After the victory of the radical liberals over the conservatives,
a new federal constitution
taking over many aspects of the U.S. constitution introduces
central authorities (1848).|
Jeremias Gotthelf is definitely not a friend of the new spirit of liberty, angrily he writes: "O du Lehre von der persönlichen Freiheit, wie ähnlich siehst du dem Grundsatz, dass der Stärkere Meister sei!" [O doctrine of personal freedom, how similar are you to the principle that the strongest shall be the master!]
One might think: how modern is Jeremias Gotthelf 150 years after his death, considering neo-liberalism, managers making fast money while driving their companies into bankruptcy, financial scandals etc. - but though Jeremias Gotthelf surely was a very outspoken critic of early capitalism, he was not a friend of modern concepts of social security, either.
|1853||Jeremias Gotthelf tries to recover from sickness in Gurnigelbad, a watering-place in Emmental.|
|Albert Bitzius aka Jeremias Gotthelf dies at the age of 57 and is buried next to the his parish church in Lützelflüh. The tombstone can still be seen on the graveyard.|
Franz Schneider made two black & white movies after novels by Jeremias Gotthelf in 1954: Ueli der Knecht and in 1955: Ueli der Pächter starring Liselotte Pulver and Johannes Schmidhauser. Both movies are highlights among old Swiss films. The short story Die schwarze Spinne [the black spider] came to the movies, too. Swiss National Public Radio produced a series of radio plays based on several novels and short stories by Gotthelf.

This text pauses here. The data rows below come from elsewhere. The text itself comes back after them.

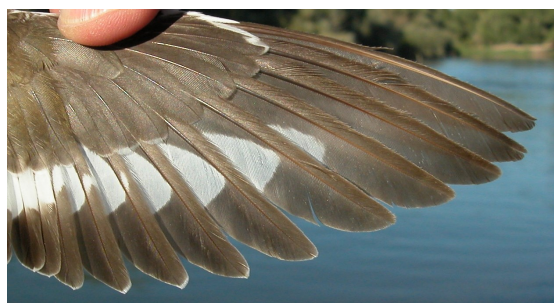
Andarríos chico. Verano. Adulto: diseño de primarias (27-VII).
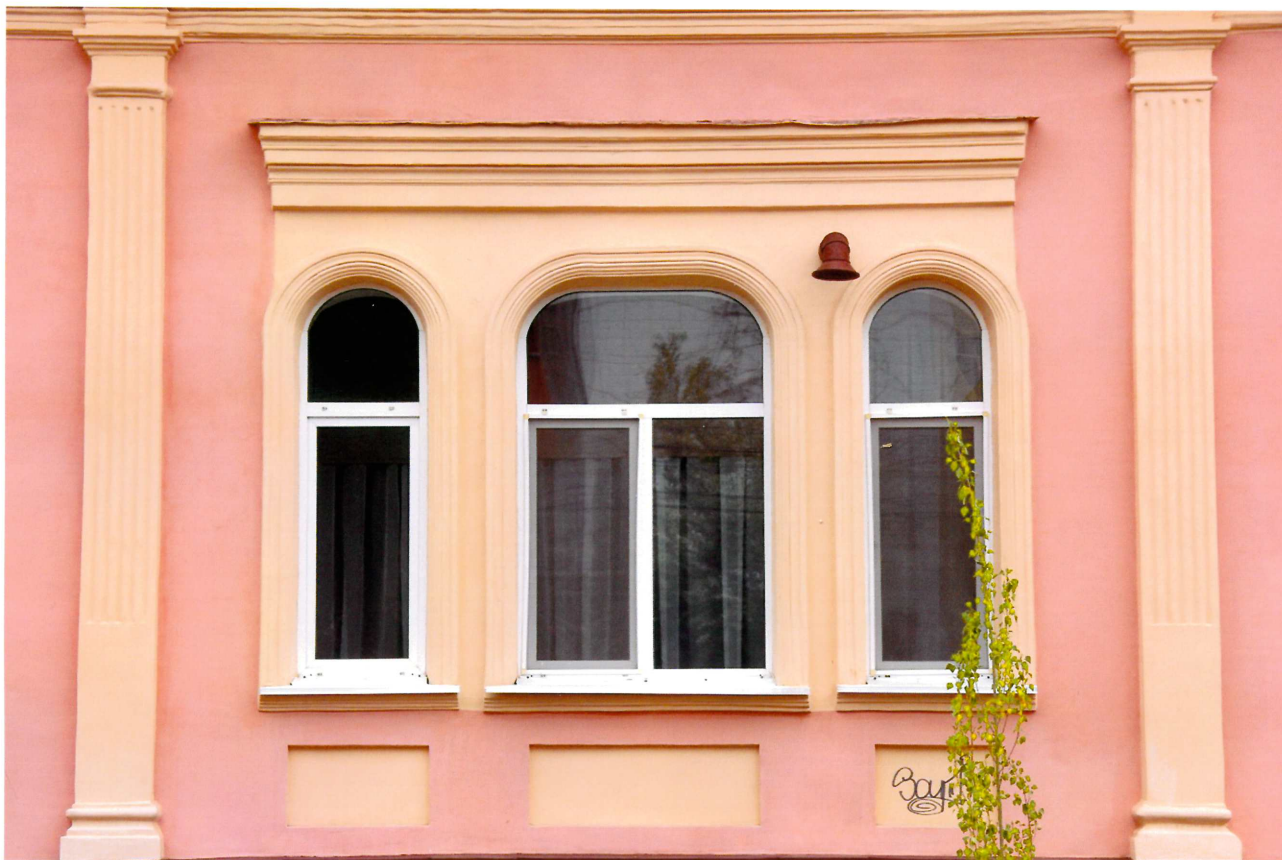
Видовая точка № 7. Тройное окно западного фасада. Декоративные элементы (пилястры, подоконные ниши).
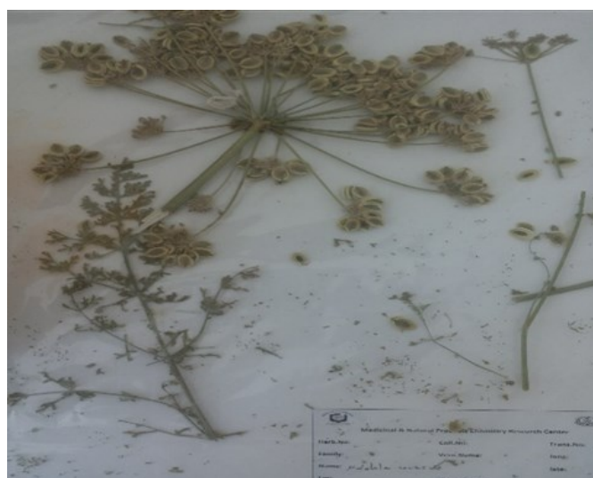
شکل ۱- تصویر گیاه M. secacul

هدف از این مطالعه، شناسایی اجزای اسانس، همچنین تعیین درصد ترکیبات تشکیل‌دهنده اسانس اندام هوایی گیاه M. secacul جمع‌آوری شده از استان فارس و در مرحله بعد بررسی اثرات ضد میکروبی آن روی چند سویه از باکتری‌های گرم مثبت و منفی است.

While Gotthelf himself wrote in standard German with some typically Swiss German dialect words, all movies and radio plays were recorded in plain Swiss German dialect.
In winter 2004/2005 Switzerland's public TV produced a reality TV show in honor of the 150 th year after Jeremias Gotthelf's death. A family was portrayed living in an old farmhouse without modern technology "as in Gotthelf's times" for several weeks. They said it was an important experience, but they were all happy to return to the 21st century ...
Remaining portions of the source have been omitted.